TRY IT | After locating the line that contains "Stylo à bille" in the records below, write out exactly that line and each line after it through the one that contains "Add an embroidered", and nothing else.

MATERIAL PROVIDED |
---

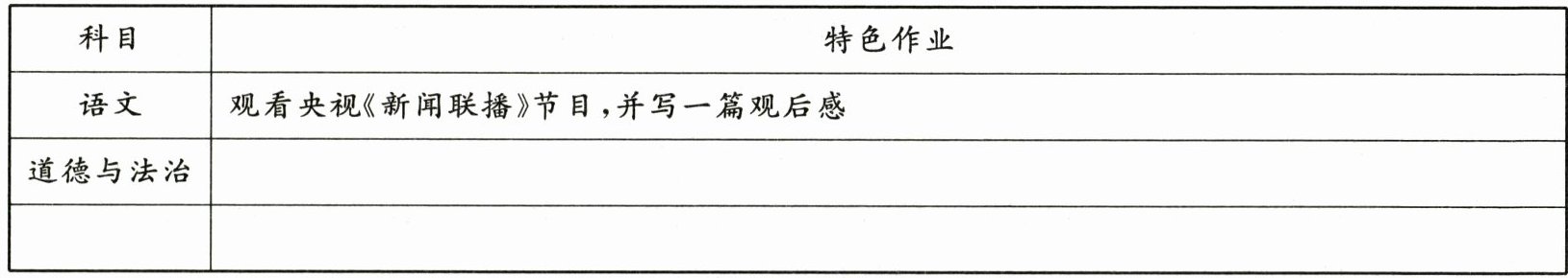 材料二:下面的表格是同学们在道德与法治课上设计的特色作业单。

---

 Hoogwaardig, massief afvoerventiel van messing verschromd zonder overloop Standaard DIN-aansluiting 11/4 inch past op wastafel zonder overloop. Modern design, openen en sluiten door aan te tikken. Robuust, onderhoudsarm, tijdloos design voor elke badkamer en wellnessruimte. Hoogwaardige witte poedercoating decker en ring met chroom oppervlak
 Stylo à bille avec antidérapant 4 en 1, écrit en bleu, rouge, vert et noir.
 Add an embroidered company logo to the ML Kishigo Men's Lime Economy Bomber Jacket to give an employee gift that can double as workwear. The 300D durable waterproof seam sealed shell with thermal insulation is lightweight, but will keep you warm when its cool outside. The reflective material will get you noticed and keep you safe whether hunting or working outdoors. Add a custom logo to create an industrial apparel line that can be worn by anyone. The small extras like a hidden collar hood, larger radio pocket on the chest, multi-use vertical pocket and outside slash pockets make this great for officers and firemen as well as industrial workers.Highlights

---

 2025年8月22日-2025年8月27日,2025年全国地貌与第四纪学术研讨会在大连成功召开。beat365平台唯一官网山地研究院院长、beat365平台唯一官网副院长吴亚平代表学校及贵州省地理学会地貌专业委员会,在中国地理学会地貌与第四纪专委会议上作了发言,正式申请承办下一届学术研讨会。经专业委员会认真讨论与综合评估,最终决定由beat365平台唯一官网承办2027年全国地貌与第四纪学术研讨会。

---

THE ANSWER |
 Stylo à bille avec antidérapant 4 en 1, écrit en bleu, rouge, vert et noir.
 Add an embroidered company logo to the ML Kishigo Men's Lime Economy Bomber Jacket to give an employee gift that can double as workwear. The 300D durable waterproof seam sealed shell with thermal insulation is lightweight, but will keep you warm when its cool outside. The reflective material will get you noticed and keep you safe whether hunting or working outdoors. Add a custom logo to create an industrial apparel line that can be worn by anyone. The small extras like a hidden collar hood, larger radio pocket on the chest, multi-use vertical pocket and outside slash pockets make this great for officers and firemen as well as industrial workers.Highlights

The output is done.